More significantly, we have reported that effector activities of CD28null NK-like CD4+ and CD8+ T cells are directly attributable to signaling of the NK-related receptors they express in a totally TCR-independent manner (12, 70). We have shown that CD56-driven and NKG2D-driven expression of the early activation cell surface antigen CD69; the intracellular expression of IL-4, IFNγ, CD107b/LAMP2, perforin, and granzyme; and the late cell surface expression of exocytosis protein CD107a are to be as effective as, if not better than, classical TCR stimulation. In fact, the CD56-/NKG2D-driven TCR-independent expression of perforin, granzyme, and CD107a occur in both CD4+ and CD8+ NK-like T cells. This indicates that the conventional “helper” and “cytotoxic” designations for CD4+ and CD8+ T cells, respectively, are not instructive about of the biology of T cells in old age. Similarly, the expression of CD154 (CD40 ligand) on aged T cells does not follow the usual CD4 helper paradigm. CD154 is lost on senescent CD28null CD4+ NK-like T cells but is gained by senescent CD28null CD8+ NK-like T cells (38, 108, 109). This suggests that the latter cell subset is a potential target to boost humoral immunity in the elderly.
Age-Dependent Accumulation of CD28null NK-Like T Cells with Oligoclonal TCRs: Immune Repertoire Remodeling Consistent with Physiologic Plasticity in Old Age
Physiologic systems are optimized toward reproduction, after which the goal is individual survival (110). There is evolutionary conservation of biological pathways that ensure individual survival beyond reproductive maturity (111, 112), including a variety of genes referred to as “longevity assurance” genes that promote long-term survival (113–116). Older organisms are essential in maintaining population structures particularly among social animals and are therefore involved ultimately in the perpetuation of the species (112, 117–119).
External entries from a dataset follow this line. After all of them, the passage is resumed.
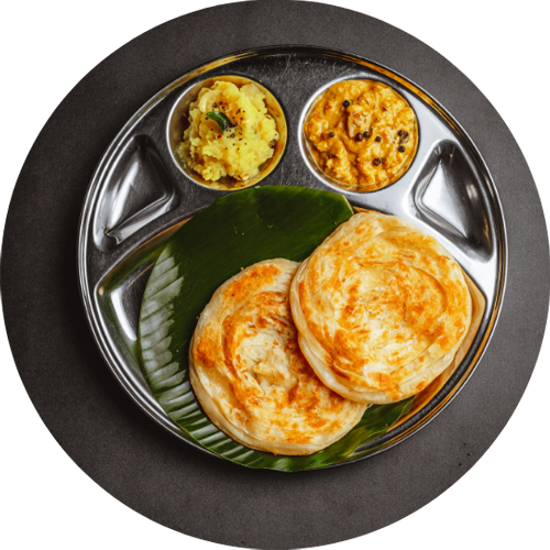 Layered flaky parottas served with two kormas.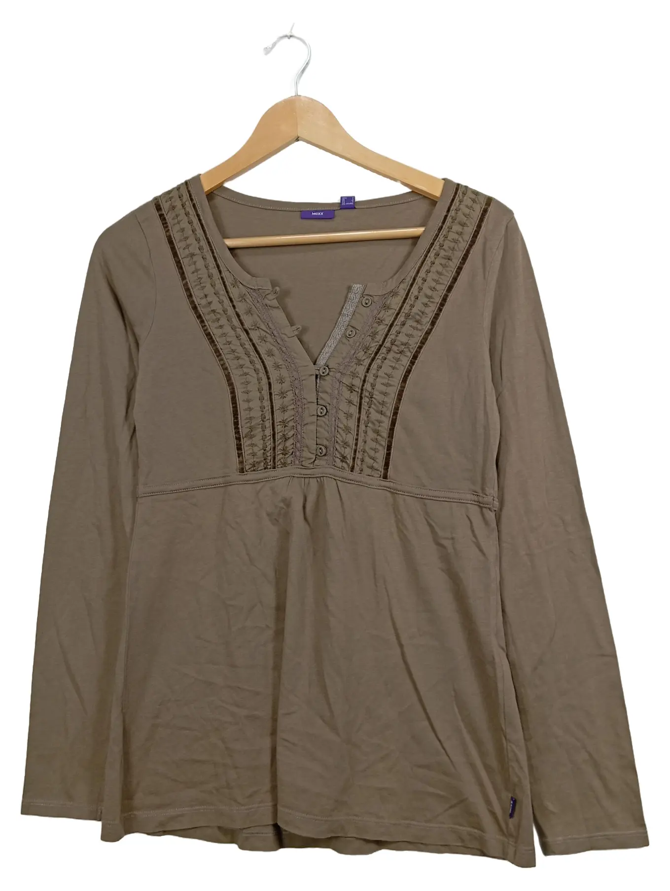MEXX Damen Langarmshirt Baumwolle Gr. 36/S Braun Casual Stickerei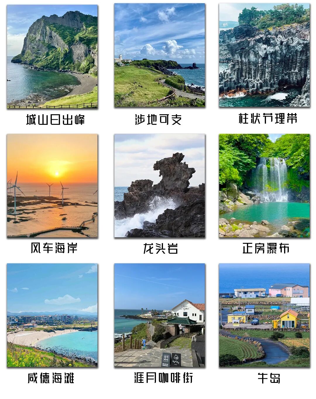 5.景点门票及特色活动:济州民俗村,柱状节理带,正房瀑布,城山日出峰。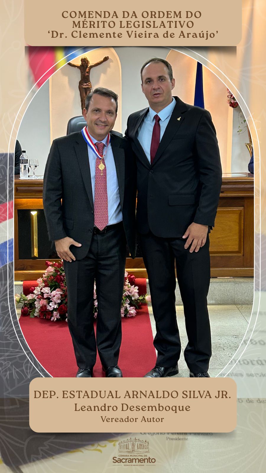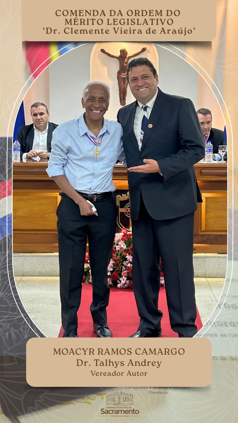 A Câmara Municipal de Sacramento realizou, nesta quinta-feira, 11 de dezembro, a Sessão Solene de outorga do Título de Cidadania Honorária de Sacramento e da Comenda da Ordem do Mérito Legislativo “Dr. Clemente Vieira de Araújo”. Estiveram presentes os vereadores da Casa; prefeito Osmar Trevisan Júnior; deputado estadual Arnaldo Silva Jr., um dos condecorados com a honraria maior da noite; representantes do Poder Judiciário; homenageados e seus familiares; e demais cidadãos.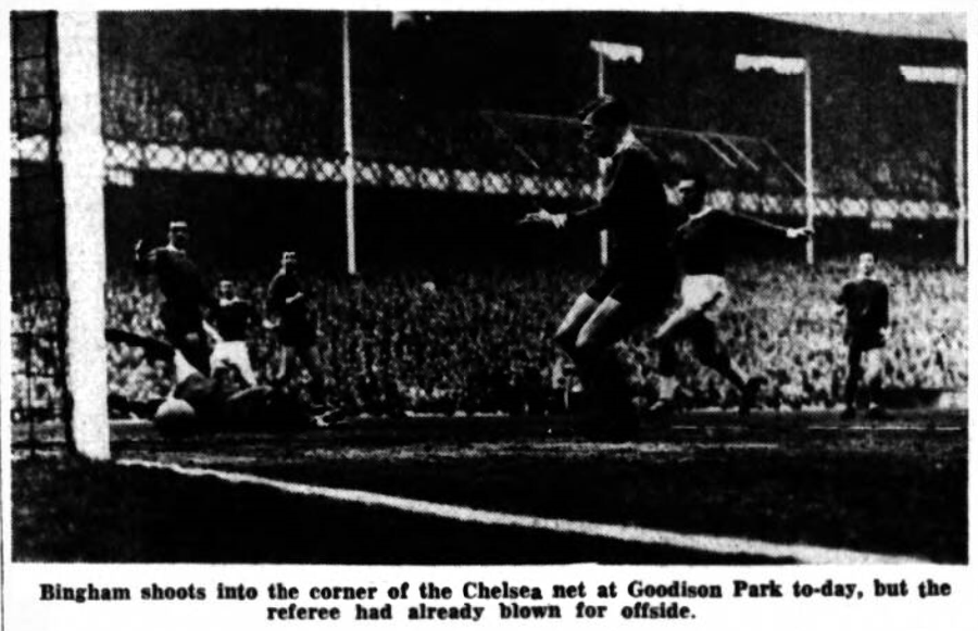 Vernon was knocked out and needed attention but quickly recovered, Hauser missed a glorious chance by ballooning over the bar and the dainty dancing, courageous Hill apart, the Blackpool line was a thing of shreds and patches. Everton were ahead in 60 minutes. It was a Young-Vernon link up which opened the way and when Stevens cracked the ball into goal Harvey made a wonderful save, but could only parry outwards. Again Young was there to receive it, and he scored readily. Only three minutes later Martin kicked a Young header off the line, otherwise we would have had a remarkable Young hat-trick, all inside seven minutes. Had Everton been satisfied with their lead, this game might well have been won, but in a praiseworthy effort to make up entertainment value for anything that may have been lost previously, they crowded on to attack. When Armfield made a long clearance, there was only Gabriel to challenge Charnley. So little had been seen of the Blackpool leader that we almost lost sight of his haul of 26 goals this season, but for all Gabriel's effort he could not prevent Charnley shooting from the edge of the area. What a shot it was! It hit the underside of the bar and West was completely beaten. I understand that one Blackpool boys' club has been responsible for producing Armfield, Hill, Martin and Durie. It would not be easy to find any better players than these in the Blackpool team. Not surprisingly Thomson was mis-timing his tackles and I thought Gabriel was the best of the halves. Everton; West; Parker, Thomson; Gabriel, Labone, Harris; Bingham, Stevens, Young, Vernon, Temple. Blackpool; Harvey; Armfield, Martin; Crawford, Gratrix, Durie; Hill, Hauser, Charnley, Petersen, Parry. Referee; Mr. L. Ticebuck (Halifax). Attendance 38,302.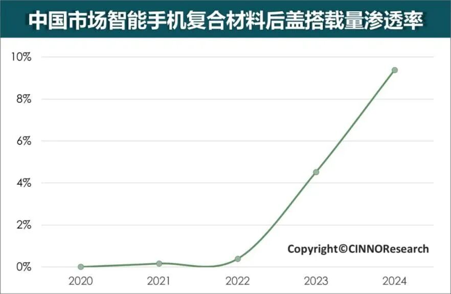 消费者愿意为设计买单,不同材质有不同的受众。据CINNO Research市场监测数据,2020年至2021年,中国智能手机复合材料后盖市场以素皮材质为主导,主要应用于高端旗舰机型。2022年,玻纤材料进入市场,2023年伴随锦纤材料的加入,素皮与玻纤后盖机型销量实现同比翻倍增长,推动复合材料后盖渗透率同比提升4个百分点。

Immunity is an evolutionary determinant of individual fitness and survival (120–122). The accumulation of NK-like CD28null T cells with advancing age represents a remodeling of the immune repertoire as a compensatory mechanism for the general age-related losses in conventional T cell-dependent immunity (123). As described previously, there is thymic atrophy with age leading to impaired production of new naïve T cells, making older adults unable to respond to new and emerging pathogens in an antigen-specific manner (3, 124). With antigenic exposure through life, there is progressive contraction of the naïve T cell compartment, with corresponding expansion of memory and senescent T cell compartment. These events over the lifespan result in the contraction of diversity of the clonotypic TCR repertoire (5, 49). With cycles of expansion and death of T cells during antigenic challenges, the phenomenal accumulation of apoptosis-resistant CD28null NK-like T cells is likely a protection against clinical lymphopenia, which is very rare among older adults (125, 126).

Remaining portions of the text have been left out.